Q: What was the total stock valuation impact this quarter?
A: ₹1,050 crore, which is a one-time impact and will not repeat in Q2.
Q: What was the impact of higher royalty on iron ore in Q1?
A: Approximately ₹173 crore increase due to higher IBM-determined prices.
Q: Was there any revenue from NMDC steel sales?
A: Yes. 0.373 million tons were sold, generating about ₹1,800 crore in revenue.
Q: How much did NSR improve in Q1 versus Q4?
A: NSR increased by ₹1,600 per ton.
Q: What is the outlook for NSR in Q2?
A: July NSRs are lower, but prices have shown signs of recovery in the last two weeks.

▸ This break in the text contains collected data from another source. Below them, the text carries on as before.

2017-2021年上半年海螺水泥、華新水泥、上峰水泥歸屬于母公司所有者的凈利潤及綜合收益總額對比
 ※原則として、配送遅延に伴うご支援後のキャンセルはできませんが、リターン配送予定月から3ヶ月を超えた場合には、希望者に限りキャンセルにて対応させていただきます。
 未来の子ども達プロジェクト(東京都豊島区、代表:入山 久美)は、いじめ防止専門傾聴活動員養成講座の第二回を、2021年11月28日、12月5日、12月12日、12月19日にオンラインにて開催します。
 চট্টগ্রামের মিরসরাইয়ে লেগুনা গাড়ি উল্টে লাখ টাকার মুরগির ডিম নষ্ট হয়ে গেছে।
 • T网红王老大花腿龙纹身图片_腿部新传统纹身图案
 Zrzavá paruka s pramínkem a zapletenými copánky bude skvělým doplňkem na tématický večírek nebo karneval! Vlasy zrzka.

Q2 NSR is expected to be slightly lower than Q1.
Q: What were actual NSRs for longs and flats in Q1 vs Q4?
A:
- Longs: ₹54,500 (Q1) vs ₹53,300 (Q4)
- Flats: ₹50,400 (Q1) vs ₹47,300 (Q4)
Q: Why does the EBITDA bridge show a negative impact from NSR despite the increase?

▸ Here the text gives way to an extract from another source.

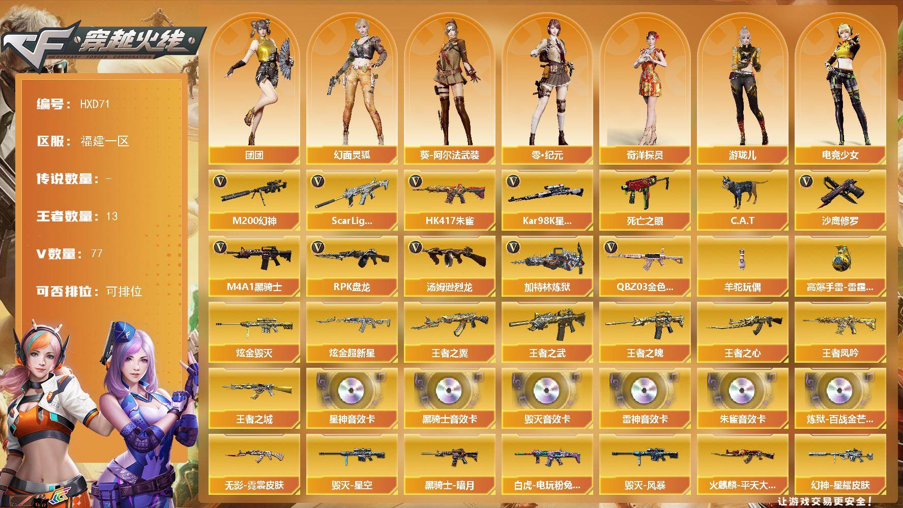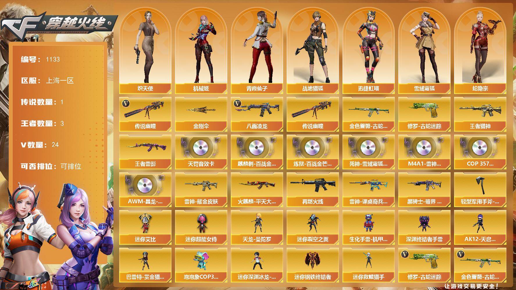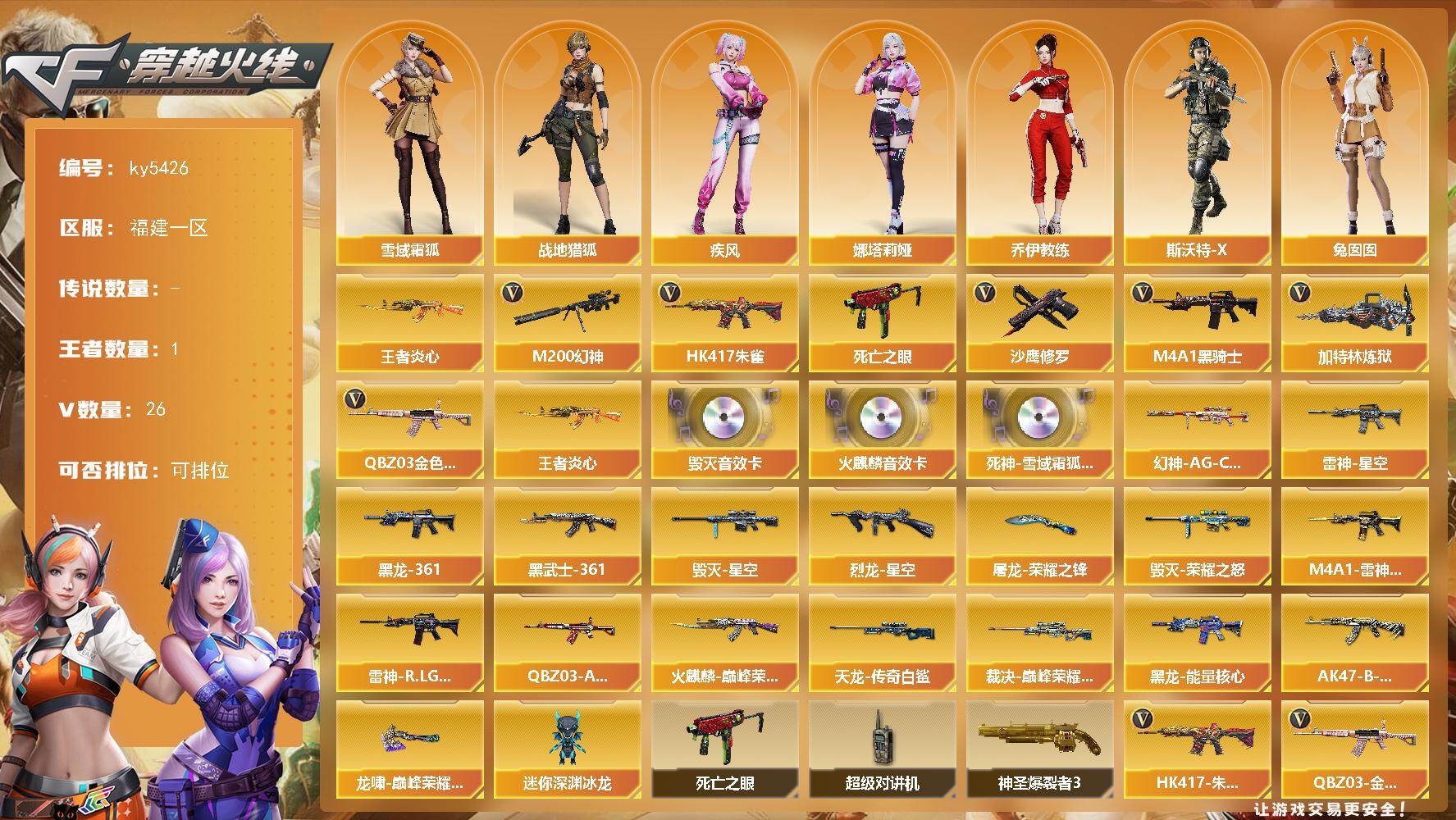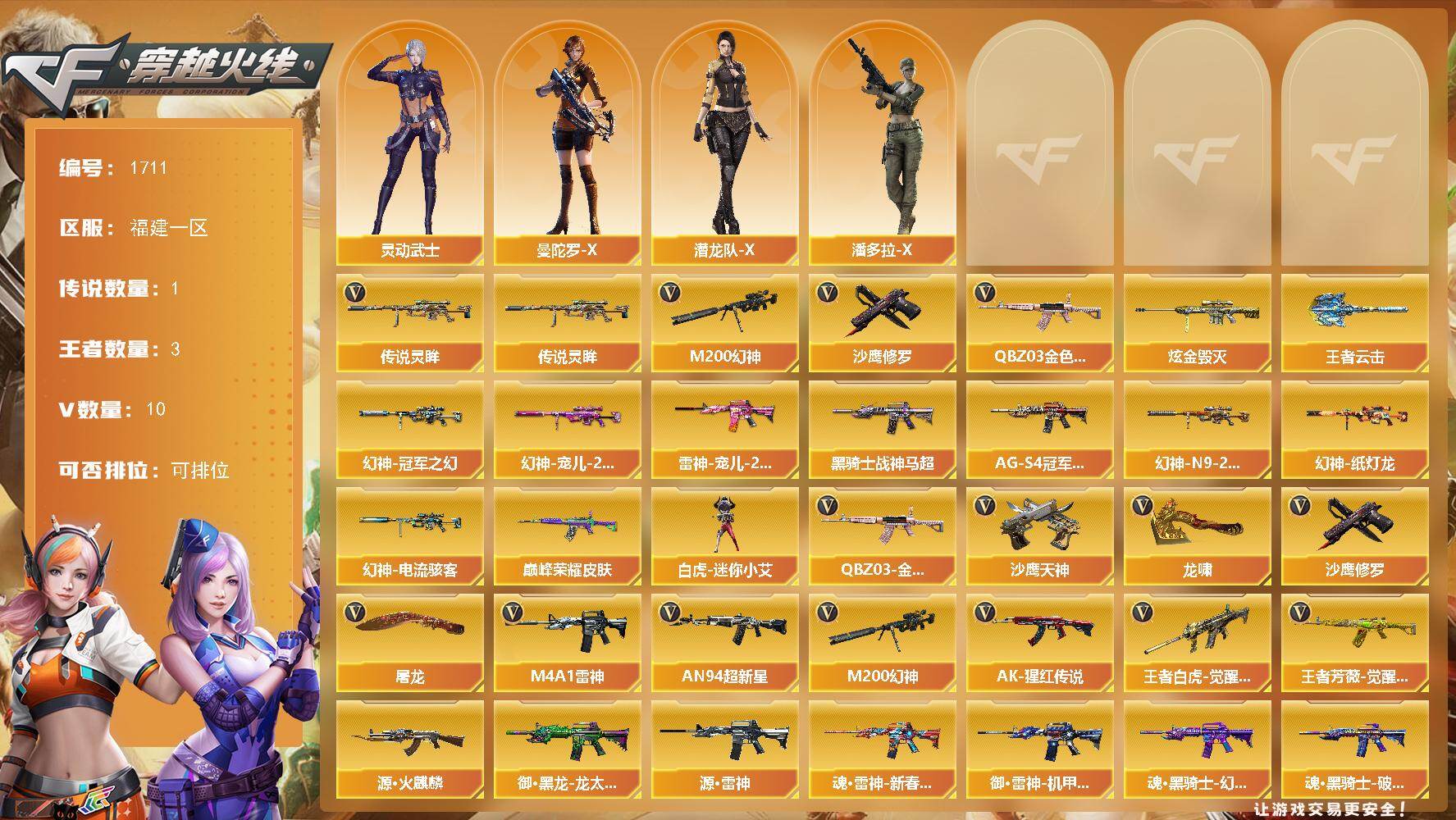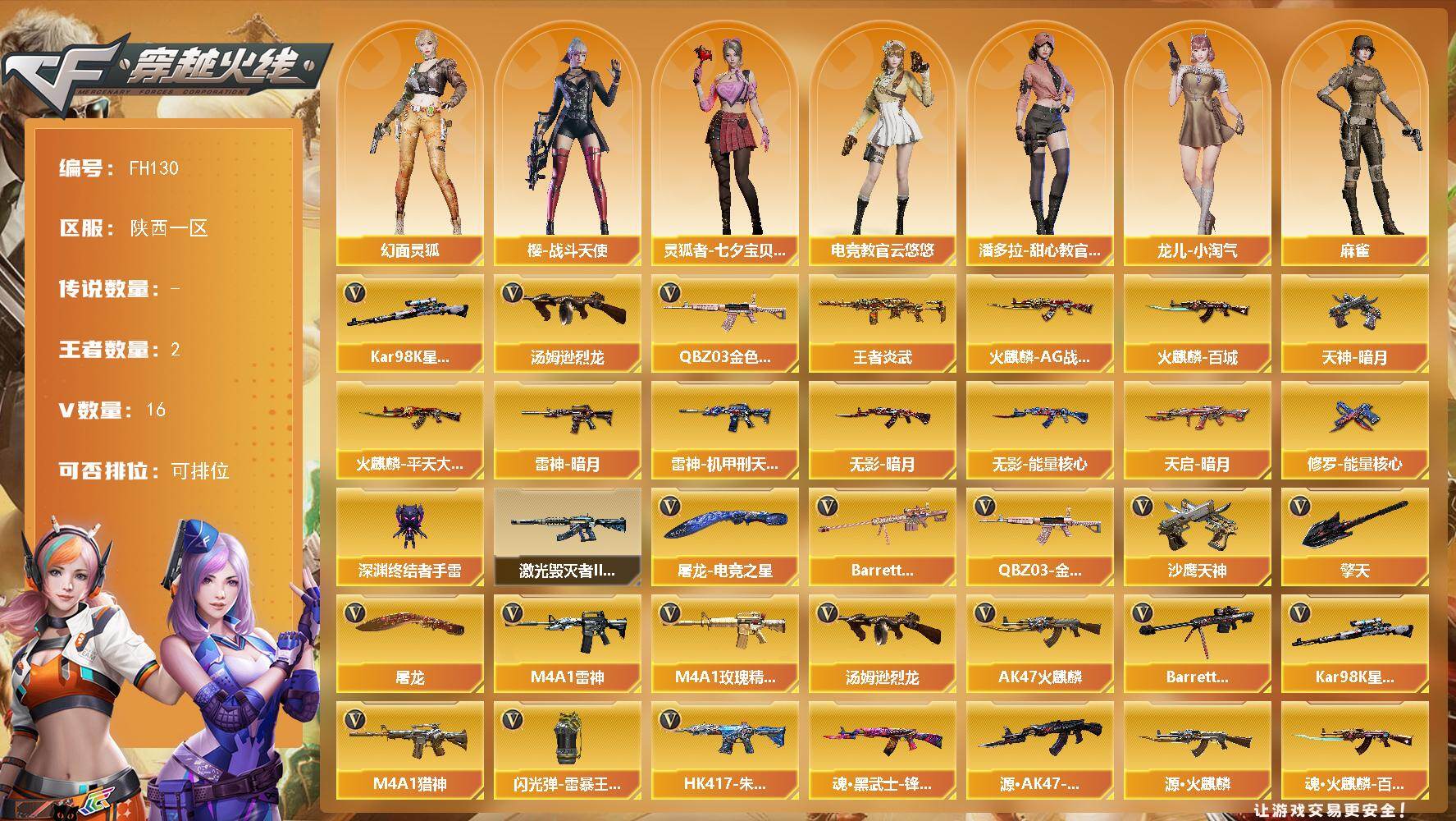 陕西一区-18V-2王者武器数-0炫金武器数

A: NSR had a positive impact of ₹650–700 crore, but stock revaluation had a negative impact of ₹950 crore, resulting in a net ₹258 crore negative.
Q: What are the current (July) NSRs?
A:
- Longs: ~₹51,500/ton
- Flats: ~₹48,600/ton
Q: What is the full-year sales volume guidance?
A: 18.5 million tons, excluding NMDC steel.
Q: Why was raw material usage higher in Q1 compared to Q4?
A: Q1 included shutdowns and capital repairs, leading to lower efficiency. Q4 typically has the best technical parameters and highest production.
Q: Is inventory valued at Q1 closing prices, and is there a risk of further markdown?
A: Inventory of 1.7 million tons finished goods and 1.3 million tons in-process is already valued at low Q1 cost. No further markdown is expected.
Q: How is NMDC steel accounted in financials?
A: Treated as stock-in-trade. Revenue appears in sales, and cost in purchases. EBITDA impact is slightly positive.
Q: Are NMDC volumes included in the 18.5 MT guidance?
A: No, the guidance is for SAIL’s own products only.
Q: What is the current coking coal inventory level?
A: Around 25–30 days at ports and 5 days at plants — considered normal.
Q: What was the blended NSR in Q1, Q4, and expected for July?
A:
- Q1: ₹51,700
- Q4: ₹50,100
- July: ~₹50,000
Q: What were imported coking coal costs in Q1 and Q4?
A:
- Q1: ₹17,600 per ton
- Q4: ₹18,500 per ton
Q: What was the inventory at end of Q1 vs Q4?
A:
- Q1: 1.7 MT finished goods
- Q4: 1.4 MT finished goods
Q: Are NMDC revenues impacting other expenses?
A: No, the increase in other expenses is primarily due to higher iron ore royalty.
Q: When will IISCO tendering be completed?
A: By end of Q3 or early Q4 FY26 — around December to January.
Q: How is the ₹950 crore stock valuation loss split?
A: It is primarily from finished and in-process steel inventory, caused mainly by decline in imported coal prices.
Q: If coal prices rise in future, can inventory value rise too?
A: Yes. A rise in coal prices would increase the cost of production, improving stock valuation positively in future quarters.
Q: What are the key earnings variables for Q2 vs Q1?
A: Stock valuation loss and higher royalty will not recur. Only NSR (price realization) is expected to vary and drive earnings change.